One last idea for the week l’kavod Shabbos. Today is 21 Adar, the yahrzeit (unless you marked it in Adar I) of R’ Elimeleh m’Lizensk, author of the Noam Elimelech. I remember reading in R’ David haLivni’s autobiography “The Book and the Sword” (well worth reading irrespective of his theories about Tanach!) that in his hometown of Sighet in Romania people would go to mikveh before learning the torah of the Noam Elimelech, and the rumor was that the stars found in many editions at the end of certain segments hint to greater sodos that could not be put into text. With rumors like that it’s enough to even get a misnaged (even one that reads R’ David haLivni) curious enough to take a peek. Anyway, the opening torah on this week’s parsha seems appropriate:
“VaYisa Aharon es yadav el ha’Am vayivarchem, vayeired mey'asos hachatas v’ha’olah v’hashelamim” (9:22). There seems at first glance to be no reason for the Torah to tell us that Aharon descended from the mizbeyach after blessing the people, and grammatically, the phrase itself is strange – one descends from a place, from the mizbeyach, not from an action. The Noam Elimelech uses the pasuk as a springboard to discuss the tension in balancing love of G-d with love of mankind. The “ivory tower” tzadik” can devote himself to the pure pursuit of perfection and closeness with G-d, but that pursuit comes at the sacrifice of closeness with others who can never reach such lofty heights. One cannot influence and elevate people without coming in contact with their problems and their shortcomings; one cannot bless people unless one is truly sensitive to their shortcomings.

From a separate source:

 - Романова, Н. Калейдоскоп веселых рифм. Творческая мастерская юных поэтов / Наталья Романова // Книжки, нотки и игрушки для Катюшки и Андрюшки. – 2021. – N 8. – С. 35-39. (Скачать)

Aharon is the paradigm of the tzadik who suffers a “descent” not in the physical sense of going to a lower location, but in the sense of sacrificing the world of personal perfection for the sake of bringing blessing to the lives of ordinary people. “Descent” is a consequence of blessing. Dealing with people, even for the lofty goal of elevating their lives, entails personal sacrifice of the world of “chatas, olah, and shelamim”, korbanos, from the root krv=closeness to G-d, but that sacrifice itself is the mark of true tzidkus.

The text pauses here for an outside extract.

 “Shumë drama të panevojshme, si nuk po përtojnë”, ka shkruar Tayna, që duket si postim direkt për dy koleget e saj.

When I first thought about this idea I was somewhat depressed by it, maybe because I’m not a chassid. Is it fair to say that one must choose between mankind and G-d, between dedication to self-perfection and tolerance for others? I have a hunch that is not what R’ Elimelech meant to convey. I think the lesson here is that the dichotomy that I painted is ultimately a false one. One cannot truly be dedicated to G-d without concern for one’s fellow man, and one cannot truly achieve perfection without being willing to sacrifice that goal for the concern of another. The “descent” of Aharon is temporary and superficial, as it ultimately leads to the elevation of the people as a whole to greater and more lofty heights.

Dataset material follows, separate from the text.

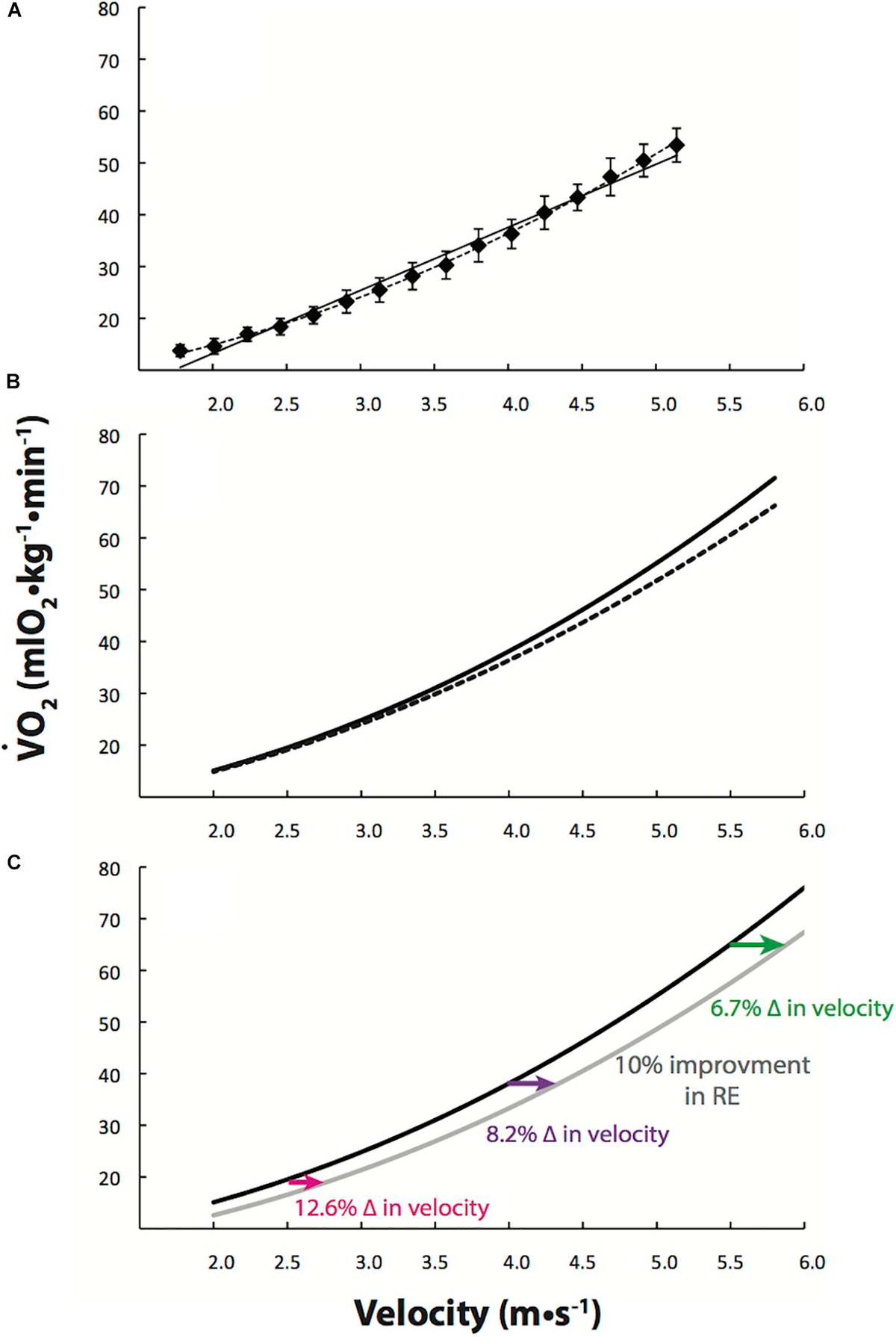この速度とVO2の関係式が線形なら、ランニングエコノミーが1%改善すれば速度も1%改善するわけです。

Of course, R’ Elimelech’s life and the lives of so many tzadikim are characterized by a love of G-d comparable only to their love of mankind. Their teachings are the bracha left for us to learn from, a bracha which entailed a ”descent” in terms of sacrificing time and effort to impart, but paradoxically I think it is that descent to influence future generations which ultiamtely is the source of the greatest aliya, esp. on the yom hayahrzeit.